Christmas has been with us, this year, since mid September, Marks and Sparks, restaurant fliers through the door advertising Christmas lunches and dinners at reasonable rates, and this week in Ballymena, in Northern Ireland, the shops are full of declarations, and the Council has erected a rather shaggy tree in the middle of a square, what it will look like on Christmas Eve I shudder to think. Christmas has become degraded, just a commercial circus. I think people forget that Christmas is really for the little children. mainly, and the family as a whole in an atmosphere of love and joy.

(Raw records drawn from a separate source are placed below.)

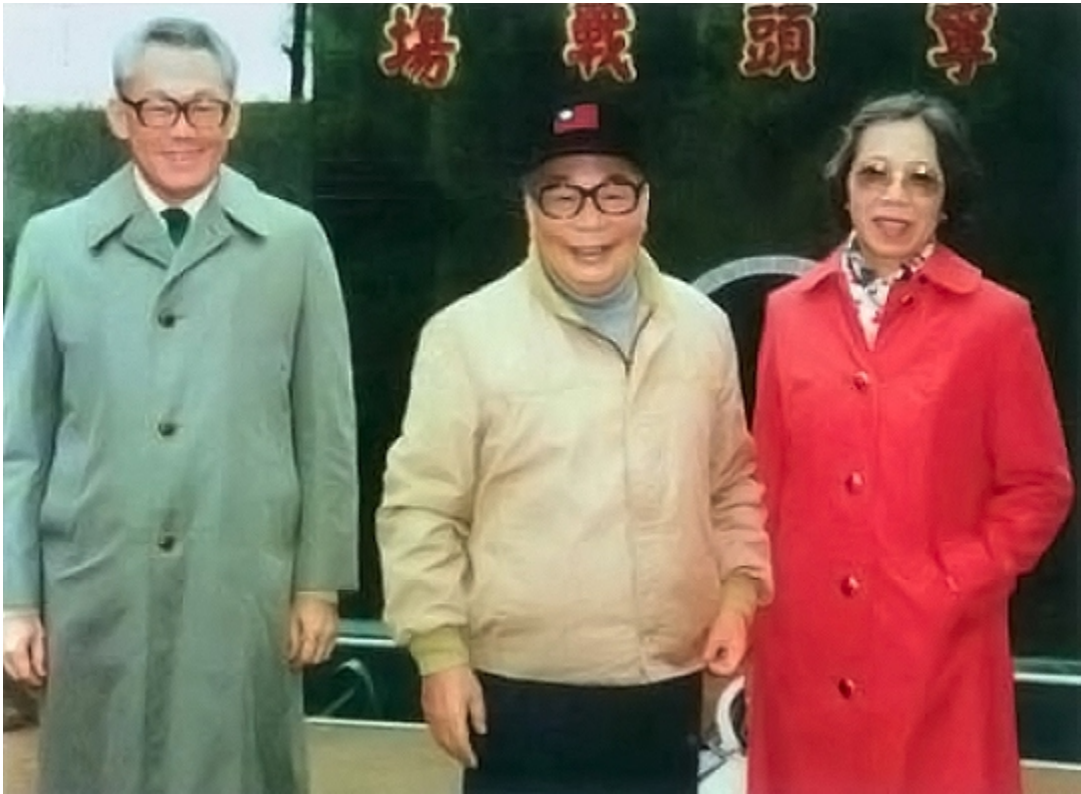
February 1981. On Quemoy, an island opposite Xiamen (Amoy) with President Chiang Ching-kuo.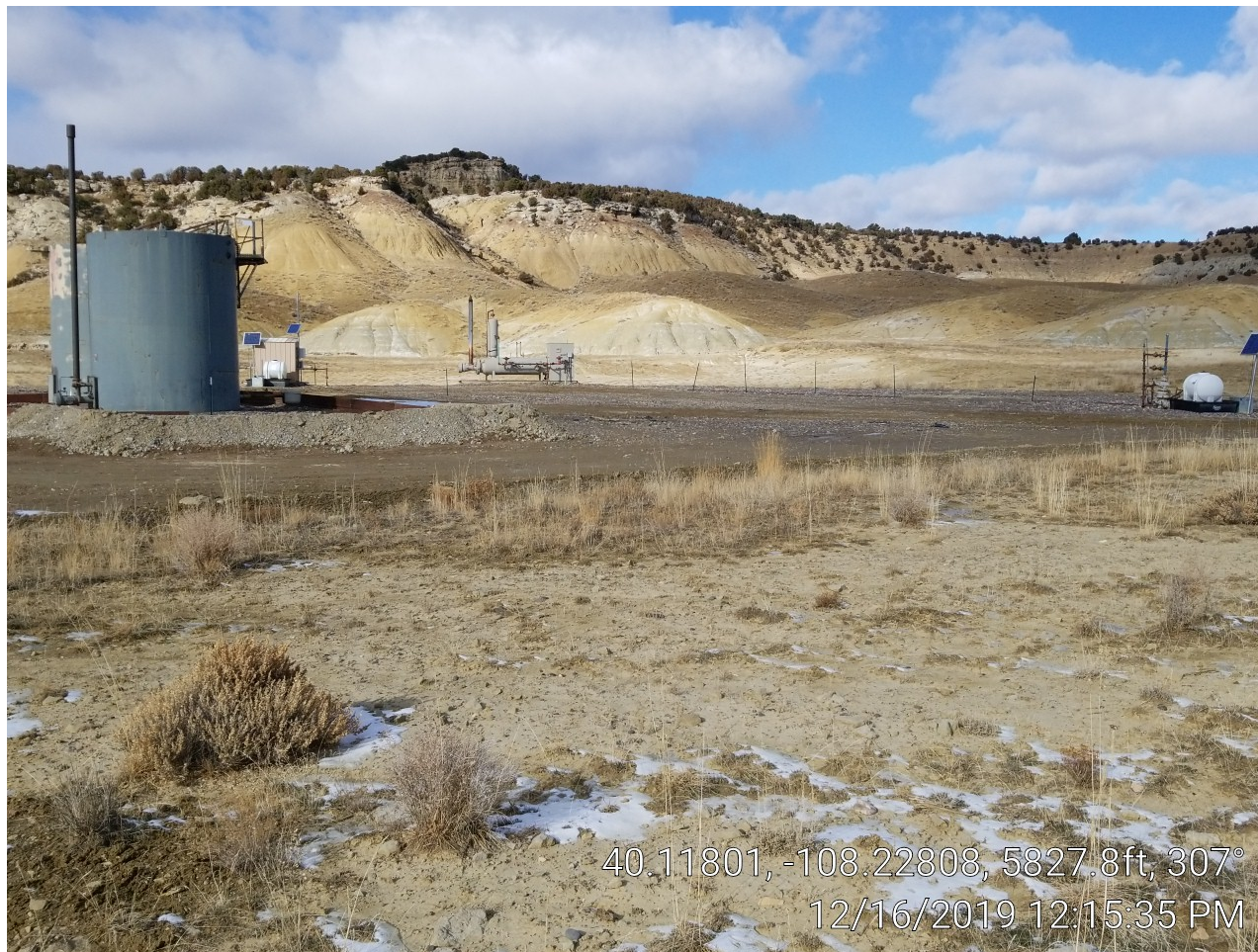
Photo 1. Location.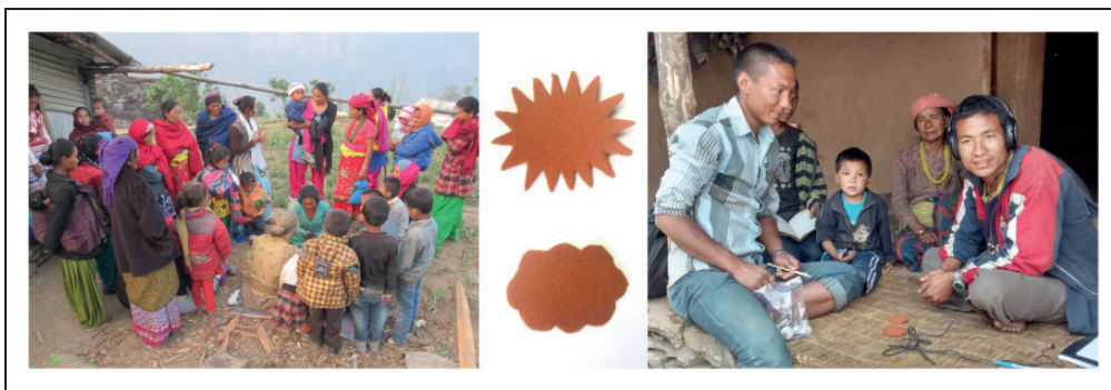
Figure 1. Syuba-speaking participants making kiki/bubu decisions in Nepal, with photographs of the physical object tokens used in decision-making.

counterbalancing of stimulus order was used to reduce potential response bias from onlookers. Instructions were given in Nepali by the second author and a Yolmo-speaking research assistant, and selections were recorded by hand using a paper form.

The essence of Christmas is surprise, and for little ones wonderment and make-believe. Dragging it out over three months destroys all that. Many years ago Christmas was heralded in the classroom with the children making paper chains, drawing pictures of Santa and looking forward to the end of term party. At home Christmas didn’t really start until mid-December, didn’t reach its full enriched colour and excitement until a week or so before Christmas, by which time the house was decorated, lists of presents were made and secrets exchanged. It must be remembered that small children would be taken shopping at about four o’clock, on or near the last Saturday before Christmas. It was relatively dark until one reached the shops on the High Street, then Christmas descended on you in a blaze of colour and light, with, for the little ones, an exciting visit to Santa’s grotto. The adults thought the present was rubbish, and inevitably not worth the money, but to the innocent child it had a significance that was more than worth the money.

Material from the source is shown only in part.